HOW TO COMPLETE THIS TASK:
Everything from the line that contains "Three teams tied for 1st" to the final line of the data, both ends included, must be set down exactly, apart from the pictures.

+++ INPUT RECORDS

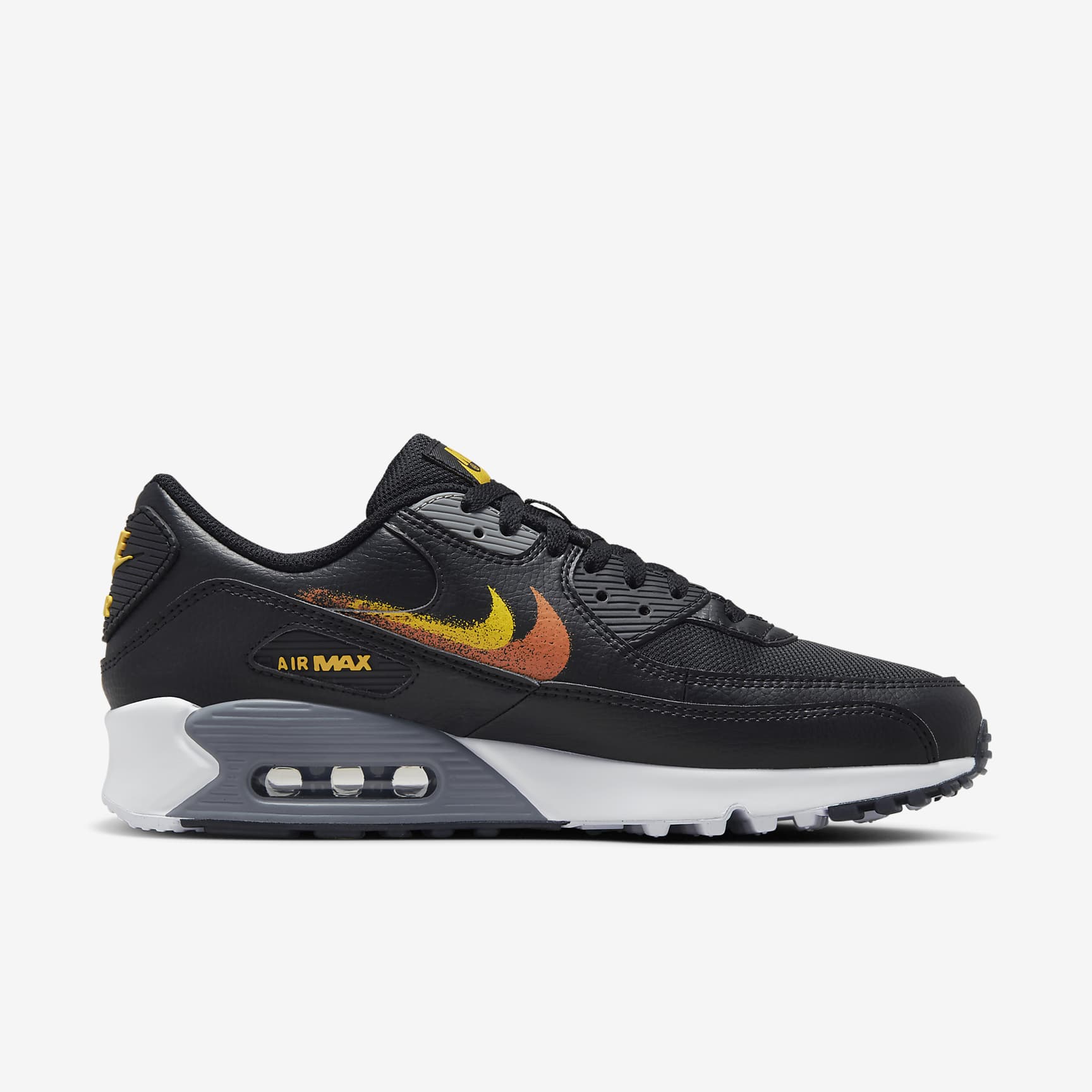 Lace up and feel the legacy. Produced at the intersection of art, music and culture, this champion running shoe helped define the '90s. Worn by presidents, revolutionised through collabs and celebrated with rare colourways, its striking visuals, Waffle outsole and exposed Air cushioning help keep it alive and well decades later. A classic neutral gives way to vibrant Swoosh design details for a modern look and a touch of fresh energy. Benefits * Stitched overlays and moulded plastic accents on heel and eyestays add durability, comfort and iconic '90s look you love. * Originally designed for performance running, visible Max Air cushioning puts history of comfort beneath your feet. * Padded, low-top collar looks sleek and feels great * Rubber Waffle outsole adds traction, durability and heritage style. Product Details * Foam in midsole * Variable-width lacing Air Max 90 The '90s were a turning point in culture—art, music, fashion and sneakers. The Air Max was at the forefront of the movement. With even more exposed Air cushioning and a bold new colour affectionately dubbed as "Infrared", its revolutionised design helped the first 90 take on a life of its own. No longer just a running shoe, it solidified Air Max as a streetwear cornerstone.
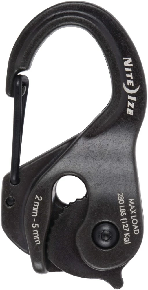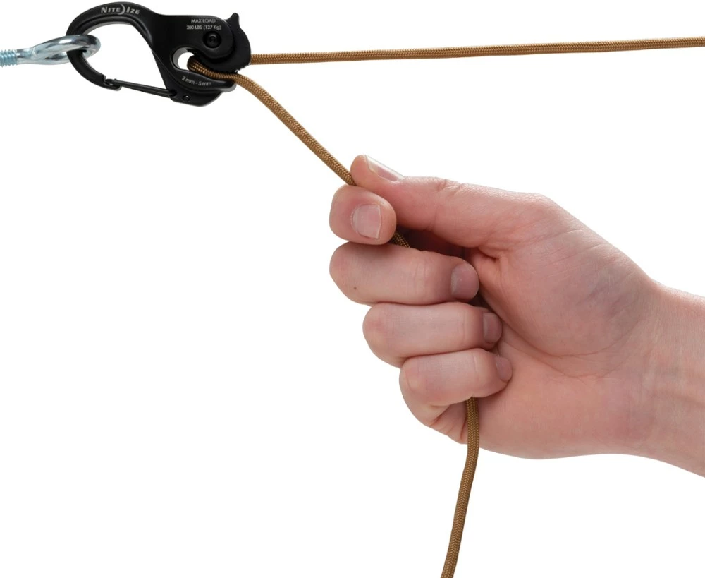 - For fixed-end systems, simply anchor the carabiner to any hook, D-ring or loop, and feed the cord or rope through the cam until you’ve reached the desired level of tension
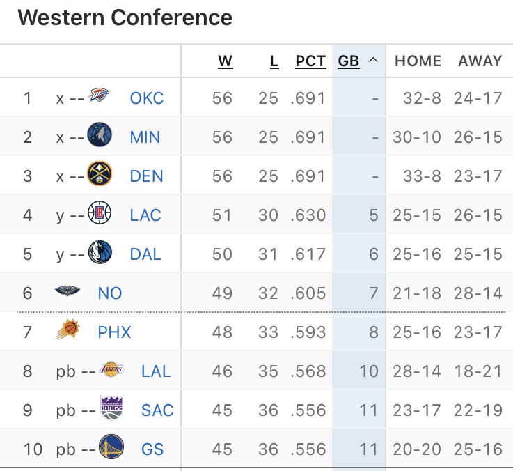 Three teams tied for 1st in the West. Three teams tied for 5th in the East. Aside from a few teams who have their seeding locked in almost every playoff team has something on the line heading into the final game of the season. Every team will play their final regular season game on Sunday. This has to be a dream scenario for the NBA.
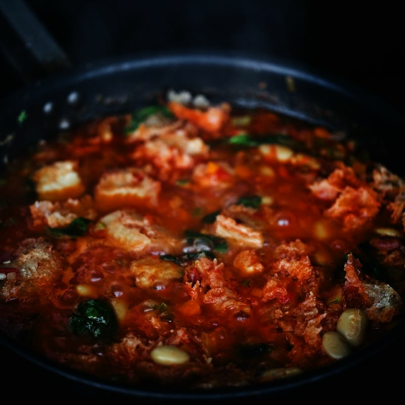 Ribollita er en toskansk suppe med store hvite bønner. En skikkelig kosemat som er perfekt å lage når du har grønnsakstilker igjen i kjøleskapet. Ha i det du har hjemme og topp med hakkede tomater, bønner og buljong. Avslutt med å bruke gårsdagens brød ved siden av eller oppi retten.
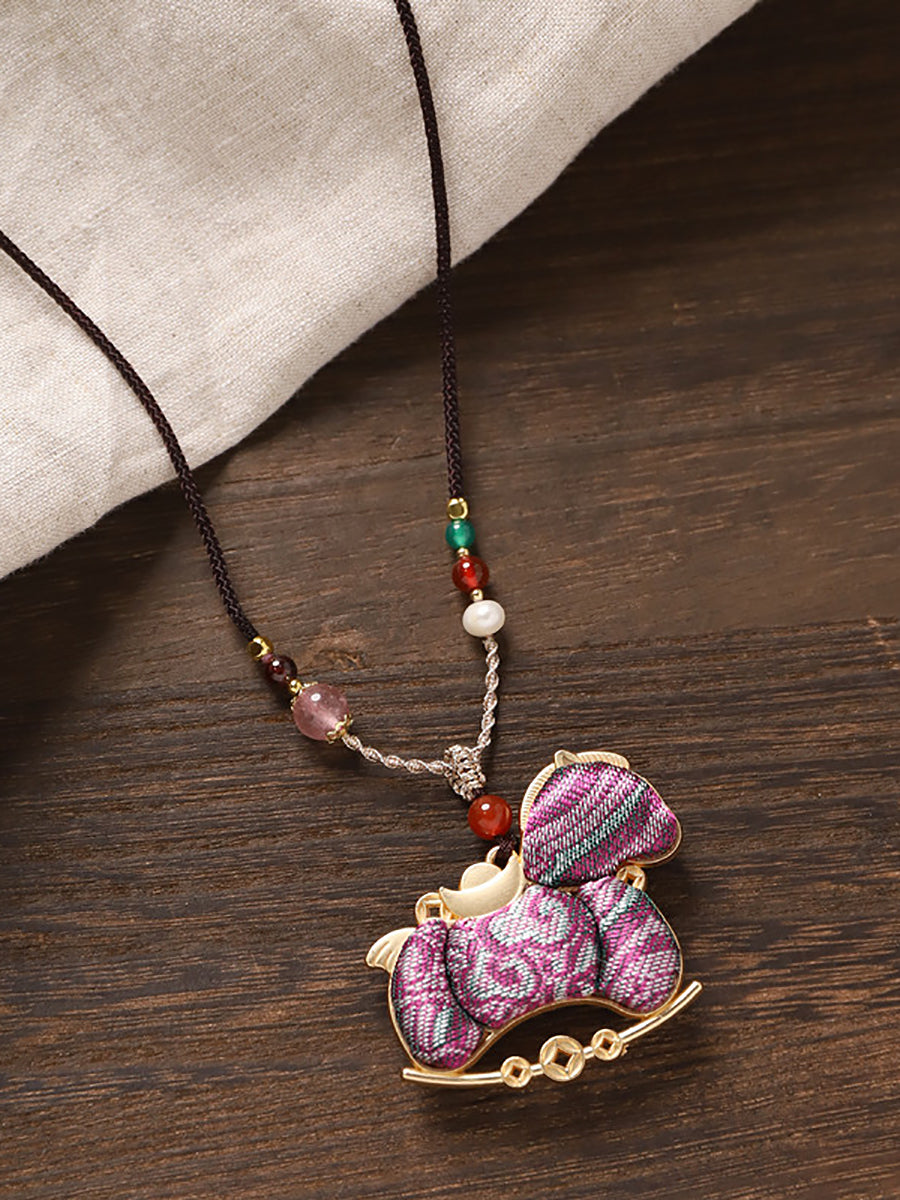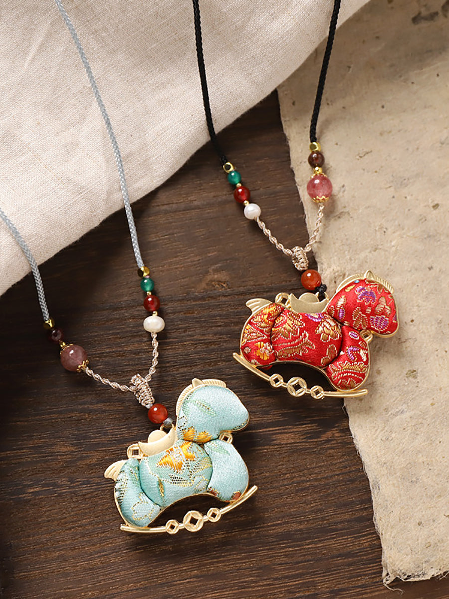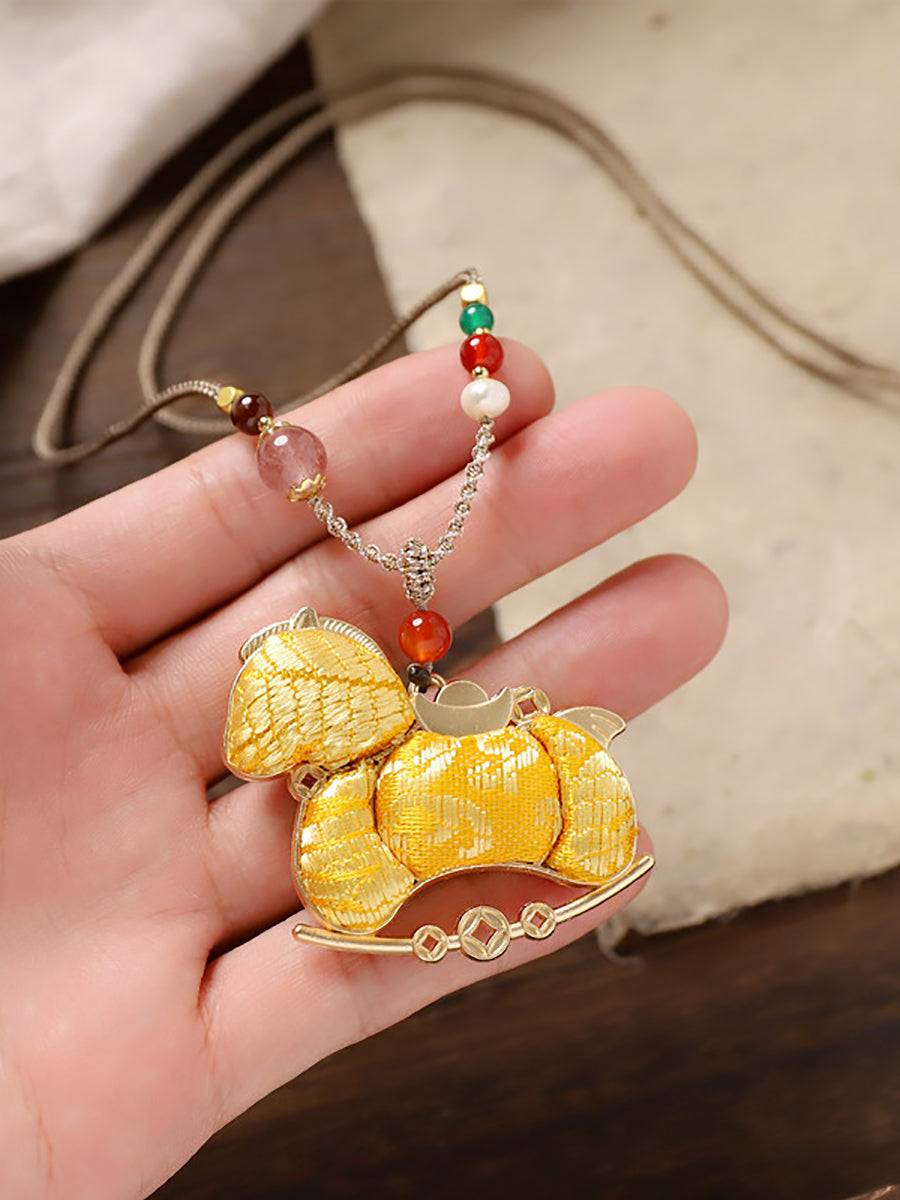 Ethnic Double-sided Brocade Horse Pendant Long Necklace
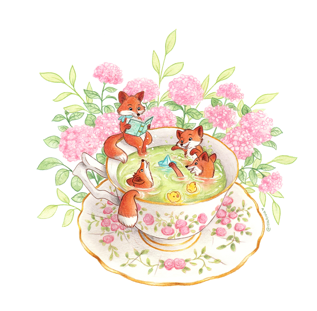 Je travaille essentiellement en traditionnel (gouache, encres et crayons de couleurs) mais je peux m’adapter et créer des illustrations en numérique.

++++++

ANSWER TO THIS PROBLEM:
 Three teams tied for 1st in the West. Three teams tied for 5th in the East. Aside from a few teams who have their seeding locked in almost every playoff team has something on the line heading into the final game of the season. Every team will play their final regular season game on Sunday. This has to be a dream scenario for the NBA.
 Ribollita er en toskansk suppe med store hvite bønner. En skikkelig kosemat som er perfekt å lage når du har grønnsakstilker igjen i kjøleskapet. Ha i det du har hjemme og topp med hakkede tomater, bønner og buljong. Avslutt med å bruke gårsdagens brød ved siden av eller oppi retten.
 Ethnic Double-sided Brocade Horse Pendant Long Necklace
 Je travaille essentiellement en traditionnel (gouache, encres et crayons de couleurs) mais je peux m’adapter et créer des illustrations en numérique.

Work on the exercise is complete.